House in Pueblo, Colorado, US

The R.T. Frazier House is a historic Craftsman-style bungalow house built in 1915 in Pueblo, Colorado. It was listed on the National Register of Historic Places in 1985. It was deemed significant for its association with R.T. Frazier and as an architectural work.

== History ==
It was built in 1915 for local saddle and harness manufacturer Robert T. Frazier, of R.T. Frazier Saddlery. Frazier was wealthy and spared no expense.
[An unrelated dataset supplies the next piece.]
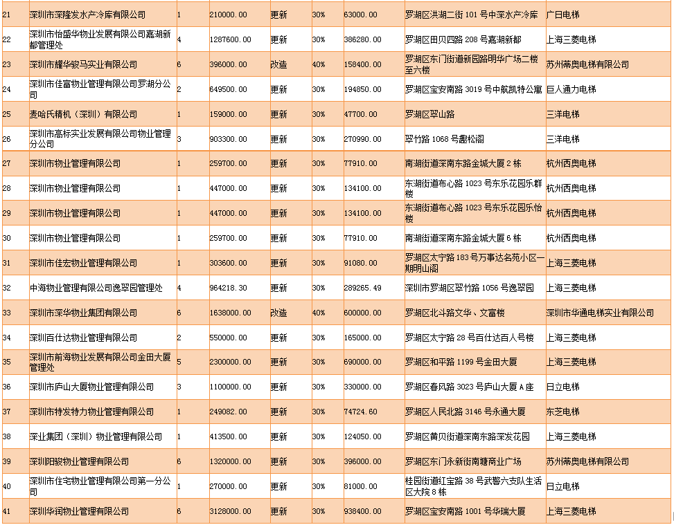 見圳客戶端·深圳新聞網(wǎng)2019年11月15日訊 11月13日,深圳市市場(chǎng)監(jiān)督管理局羅湖監(jiān)管局發(fā)布關(guān)于2019年羅湖區(qū)老舊電梯更新改造大修補(bǔ)助名單的公示,公示稱,為推進(jìn)羅湖區(qū)老舊電梯更新改造大修工作,保障市民群眾生命安全,羅湖區(qū)施行老舊電梯更新改造大修補(bǔ)助政策。2019年,經(jīng)專家現(xiàn)場(chǎng)驗(yàn)收,羅湖區(qū)共有41家申請(qǐng)單位的112臺(tái)老舊電梯更新改造大修工程通過驗(yàn)收(其中更新84臺(tái)、改造12臺(tái),大修16臺(tái)),涉及工程總價(jià)3084.57萬元,發(fā)放補(bǔ)助資金9640009.05元。

The construction budget was US $15,000; however they spent more than double at US $35,000 (without furnishings).

Frazier's saddles won many awards, including first place at the 1893 Columbia Exposition, and was considered the finest saddle in the world at the 1915 Panama-Pacific Exposition. Two of Frazier's famous saddlery customers were Buffalo Bill Cody and Pancho Villa (José Doroteo Arango Arámbula).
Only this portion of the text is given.